0

I am trying to parse emails from web page. my code:

            import urllib2,cookielib
            import re

            site= "http://www.traidnt.net/vb/traidnt207743"
            hdr = {'User-Agent': 'Mozilla/5.0 (X11; Linux x86_64) AppleWebKit/537.11 (KHTML, like Gecko) Chrome/23.0.1271.64 Safari/537.11',
                    'Accept': 'text/html,application/xhtml+xml,application/xml;q=0.9,*/*;q=0.8',
                    'Accept-Charset': 'ISO-8859-1,utf-8;q=0.7,*;q=0.3',
                    'Accept-Encoding': 'none',
                    'Accept-Language': 'en-US,en;q=0.8',
                    'Connection': 'keep-alive'}

            req = urllib2.Request(site, headers=hdr)

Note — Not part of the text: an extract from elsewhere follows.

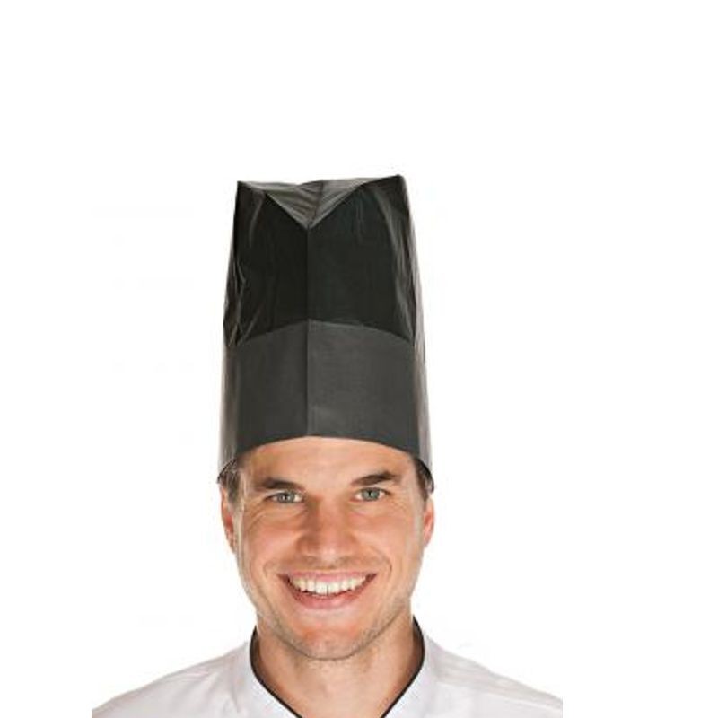 Kuchárska čapica na jednorázové použitie. Univerzálna veľkosť. Materiál: papier. Farba: čierna. Cena je za balenie /10 kus/.1 ks do košíka = 1 bal. do košíka, art. 09803

            page = urllib2.urlopen(req)

            content = page.read()

            links = re.findall('mailto:.+?@.+.', content)

            for link in links:
                print link[7:-1]

and the result come like:

email1@
email2@
email3@
...

but i need to get all emails with complete form. Please how i can do that to get complete form of all emails.

Thank you!

yuyb0y
  • 3
  • 6
  • I think what you need is a regular expression that matches email addresses: http://stackoverflow.com/questions/201323/using-a-regular-expression-to-validate-an-email-address – Julien Spronck Mar 25 '15 at 22:01

2 Answers2

0

I just added the following code to your code and it works perfectly:

regexp = re.compile(("mailto:([a-z0-9!#$%&'*+\/=?^_`{|}~-]+@[a-z0-9]+\.[a-zA-Z0-9-.]+)"))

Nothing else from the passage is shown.